Activity: All of the records below are to be given again word for word, with the pictures removed.
======== Data listing ========
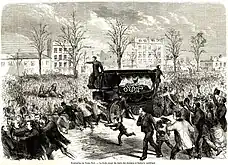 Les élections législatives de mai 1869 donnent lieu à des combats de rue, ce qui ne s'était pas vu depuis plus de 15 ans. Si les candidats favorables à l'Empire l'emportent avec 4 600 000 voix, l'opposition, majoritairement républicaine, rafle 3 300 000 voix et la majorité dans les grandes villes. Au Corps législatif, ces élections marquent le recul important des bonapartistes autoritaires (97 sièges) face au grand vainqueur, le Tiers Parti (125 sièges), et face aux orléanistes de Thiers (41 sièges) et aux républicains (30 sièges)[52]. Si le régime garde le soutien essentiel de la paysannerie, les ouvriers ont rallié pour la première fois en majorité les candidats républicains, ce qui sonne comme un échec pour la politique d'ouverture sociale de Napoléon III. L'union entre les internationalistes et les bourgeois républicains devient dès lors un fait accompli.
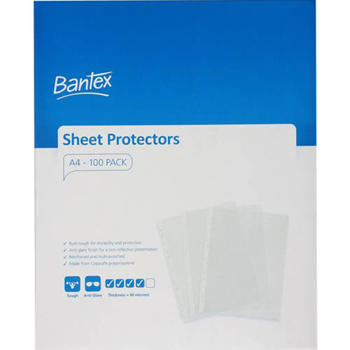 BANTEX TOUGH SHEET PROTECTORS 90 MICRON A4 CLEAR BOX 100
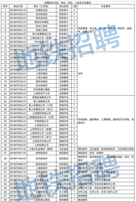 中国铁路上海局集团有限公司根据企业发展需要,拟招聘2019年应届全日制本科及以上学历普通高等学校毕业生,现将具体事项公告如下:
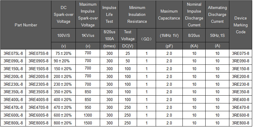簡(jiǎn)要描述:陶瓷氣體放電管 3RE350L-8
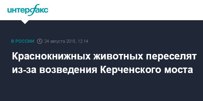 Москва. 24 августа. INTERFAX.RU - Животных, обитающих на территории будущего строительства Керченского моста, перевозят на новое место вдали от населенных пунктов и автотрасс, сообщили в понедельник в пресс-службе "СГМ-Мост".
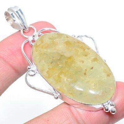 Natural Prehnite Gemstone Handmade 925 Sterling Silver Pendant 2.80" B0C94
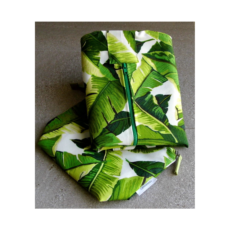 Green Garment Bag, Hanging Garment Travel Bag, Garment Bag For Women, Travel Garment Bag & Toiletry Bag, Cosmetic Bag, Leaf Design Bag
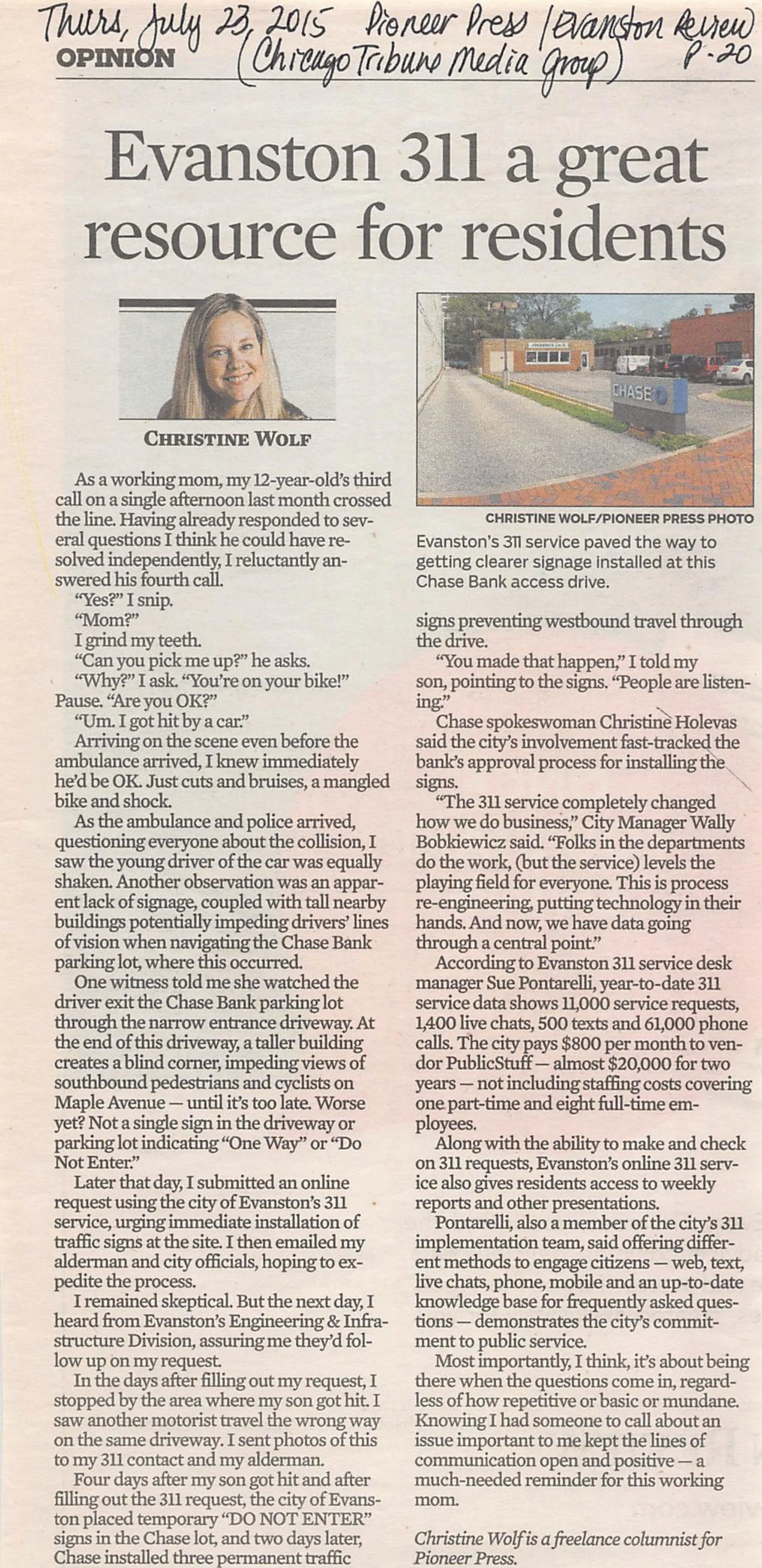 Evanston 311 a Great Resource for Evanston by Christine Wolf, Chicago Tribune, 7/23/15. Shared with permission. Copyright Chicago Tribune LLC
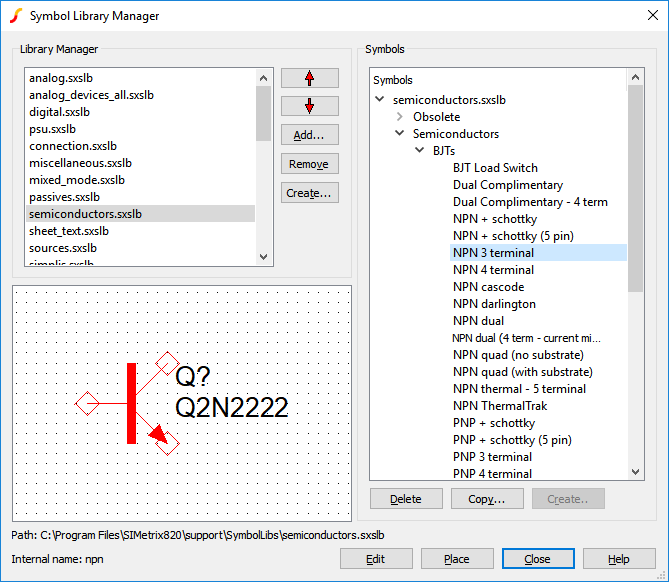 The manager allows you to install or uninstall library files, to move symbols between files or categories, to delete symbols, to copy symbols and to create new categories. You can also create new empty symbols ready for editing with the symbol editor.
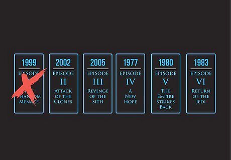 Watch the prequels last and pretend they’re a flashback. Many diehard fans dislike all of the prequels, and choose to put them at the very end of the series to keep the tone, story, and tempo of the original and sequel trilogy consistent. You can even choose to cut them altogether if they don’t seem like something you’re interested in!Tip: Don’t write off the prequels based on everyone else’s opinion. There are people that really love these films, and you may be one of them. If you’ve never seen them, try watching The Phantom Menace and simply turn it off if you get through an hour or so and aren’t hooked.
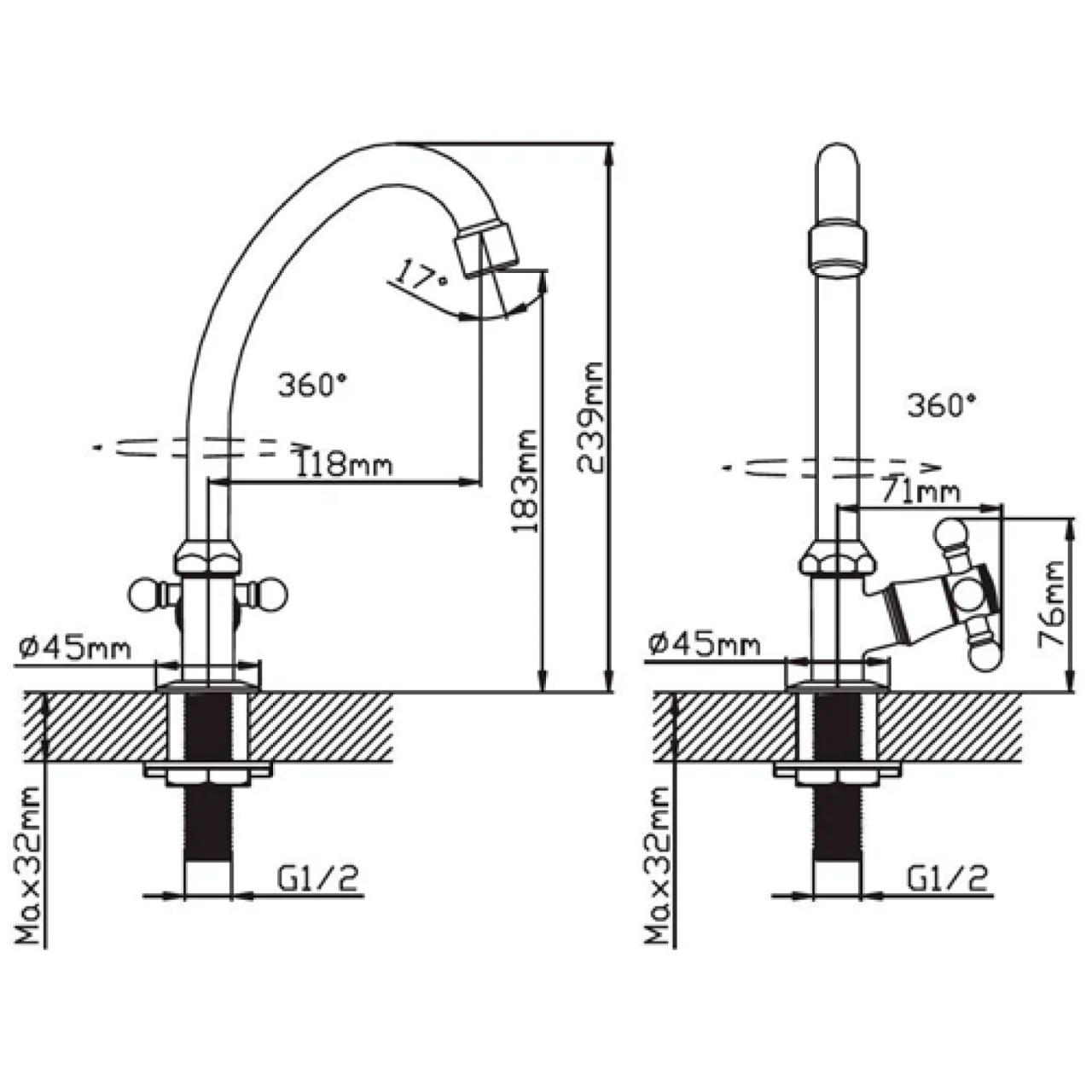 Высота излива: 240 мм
========
Exercise solution:
 Les élections législatives de mai 1869 donnent lieu à des combats de rue, ce qui ne s'était pas vu depuis plus de 15 ans. Si les candidats favorables à l'Empire l'emportent avec 4 600 000 voix, l'opposition, majoritairement républicaine, rafle 3 300 000 voix et la majorité dans les grandes villes. Au Corps législatif, ces élections marquent le recul important des bonapartistes autoritaires (97 sièges) face au grand vainqueur, le Tiers Parti (125 sièges), et face aux orléanistes de Thiers (41 sièges) et aux républicains (30 sièges)[52]. Si le régime garde le soutien essentiel de la paysannerie, les ouvriers ont rallié pour la première fois en majorité les candidats républicains, ce qui sonne comme un échec pour la politique d'ouverture sociale de Napoléon III. L'union entre les internationalistes et les bourgeois républicains devient dès lors un fait accompli.
 BANTEX TOUGH SHEET PROTECTORS 90 MICRON A4 CLEAR BOX 100
 中国铁路上海局集团有限公司根据企业发展需要,拟招聘2019年应届全日制本科及以上学历普通高等学校毕业生,现将具体事项公告如下:
簡(jiǎn)要描述:陶瓷氣體放電管 3RE350L-8
 Москва. 24 августа. INTERFAX.RU - Животных, обитающих на территории будущего строительства Керченского моста, перевозят на новое место вдали от населенных пунктов и автотрасс, сообщили в понедельник в пресс-службе "СГМ-Мост".
 Natural Prehnite Gemstone Handmade 925 Sterling Silver Pendant 2.80" B0C94
 Green Garment Bag, Hanging Garment Travel Bag, Garment Bag For Women, Travel Garment Bag & Toiletry Bag, Cosmetic Bag, Leaf Design Bag
 Evanston 311 a Great Resource for Evanston by Christine Wolf, Chicago Tribune, 7/23/15. Shared with permission. Copyright Chicago Tribune LLC
 The manager allows you to install or uninstall library files, to move symbols between files or categories, to delete symbols, to copy symbols and to create new categories. You can also create new empty symbols ready for editing with the symbol editor.
 Watch the prequels last and pretend they’re a flashback. Many diehard fans dislike all of the prequels, and choose to put them at the very end of the series to keep the tone, story, and tempo of the original and sequel trilogy consistent. You can even choose to cut them altogether if they don’t seem like something you’re interested in!Tip: Don’t write off the prequels based on everyone else’s opinion. There are people that really love these films, and you may be one of them. If you’ve never seen them, try watching The Phantom Menace and simply turn it off if you get through an hour or so and aren’t hooked.
 Высота излива: 240 мм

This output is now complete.